At last we crossed, and dipped into and beyond a grove of trees.

We were on the other side, inside a lovely expanse called Wolfe Park, where blacks rarely ventured.

I don't think I had ever seen anything so lovely, so green, so cool in the shade. There was a basketball court. And nets on the rims! We proceeded to play and laugh, feeling like adventurers, explorers. Like spies even: We were not supposed to be here. And when we stopped, from exhaustion, we explored some more, walking and gazing around the area. There stood St. Charles High, a prep school on beautifully manicured grounds; there sat houses with tall windows and circular driveways; there sat tennis courts. It was a Columbus we didn't know.
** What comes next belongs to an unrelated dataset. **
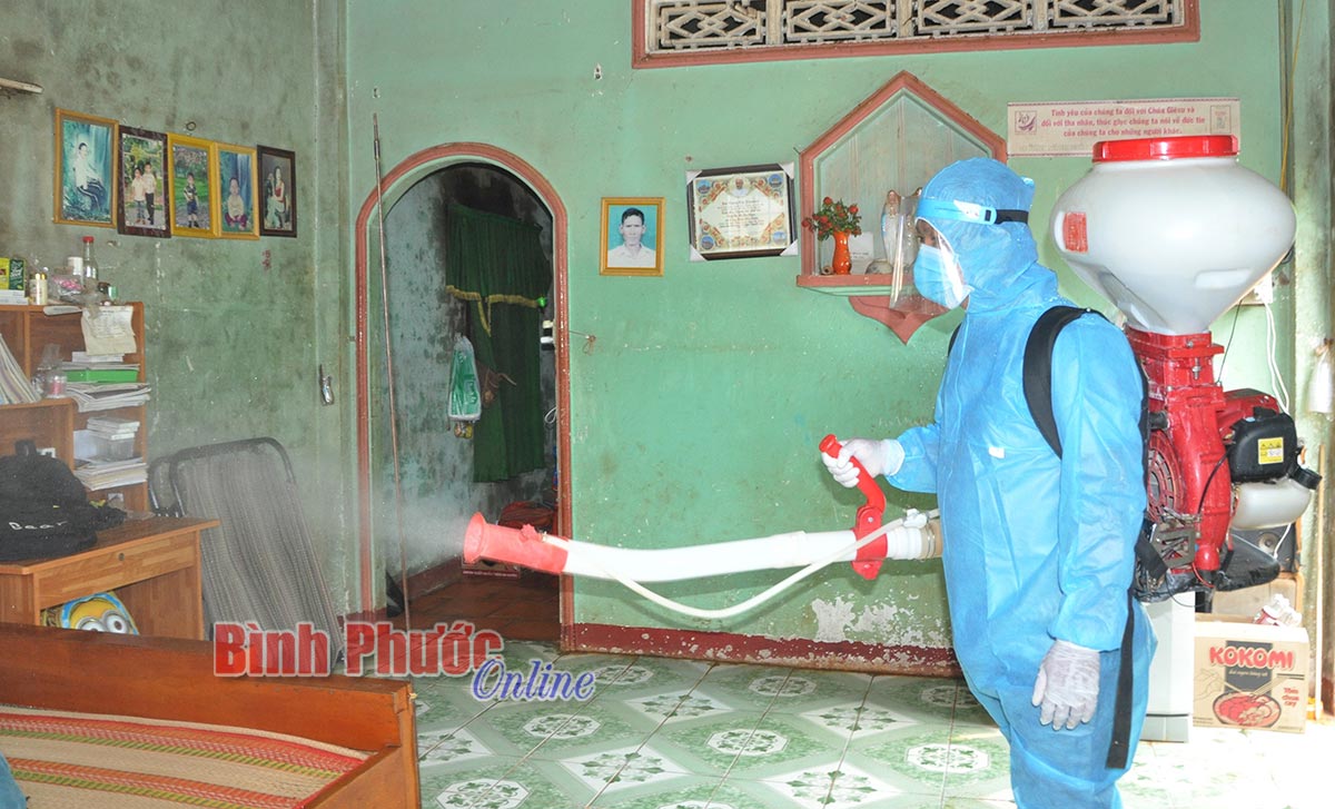 Trạm y tế xã có ý nghĩa hết sức quan trọng trong công tác phòng chống dịch bệnh.Trong ảnh: Cán bộ Trạm Y tế xã Đắk Nhau, huyện Bù Đăng phun khử trùng tại khu vực xuất hiện bệnh bạch hầu vào đầu tháng 8-2020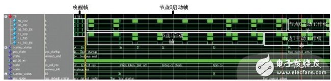 從仿真波形中可以清楚地看出FlexRay狀態(tài)機制的變化過程。當節(jié)點的收發(fā)器接收到喚醒特征符后,對主機處理器和通信控制器進行上電,喚醒并激活通信控制器、總線驅(qū)動器和總線監(jiān)控器。節(jié)點0被喚醒后,將返回喚醒完成信號,并處于等待啟動狀態(tài)。接著節(jié)點1收到喚醒信號,返回喚醒完成信號,節(jié)點1進入啟動狀態(tài),節(jié)點0也進入啟動狀態(tài),最終都進入主動工作狀態(tài),開始狀態(tài)機循環(huán),顯示FlexRay總線接口工作正常。

We had slipped through an Ozlike curtain, into the neighborhood of Bexley -- fancy, well tended and, to us, somewhat intimidating.

You'd wonder: How do you get to this side of town?

Then came the legal decision that stunned the town fathers: In 1977, U.S. District Judge Robert Duncan, who was appointed to the bench by Richard Nixon, ruled that the Columbus schools had "intentionally aggravated, rather than alleviated" racial segregation. (His decision cited both schools I had attended: Monroe and East.) Ordering the school system to adopt a busing plan, he wrote, "Firm action is needed when the horse won't drink the water." There were appeals, which were lost, and Duncan's ruling went into effect in 1979.

By then I had graduated from college.

It was a momentous decision, and acquaintances of mine were constantly talking about it. In the years to come, the decision would scoop up a boatload of my nieces and nephews.

"It was a great decision," says Carol Tyler, now retired from nonprofit work in the city and whose family operated a popular drugstore on Mount Vernon Avenue.

But Tyler, like others, lamented one visceral reaction to the decision: "There was white flight like you wouldn't believe," she remembers.

As for Judge Duncan, he is now off the bench. He lectures, does some writing. The U.S. Supreme Court's recent 5 to 4 ruling disheartened him. "I was disappointed in the decision but not surprised by it," he says, citing other rulings that have seemed to thwart efforts to redress past inequalities. "Education, at least to me, is best done in a diverse setting."

One of the most pernicious practices in Columbus, he says, was that education officials continued to assign black teachers to black schools, but precious few black teachers to white schools. "In the '60s and '70s, when Columbus experienced meteoric growth, the schools became even more segregated," he says.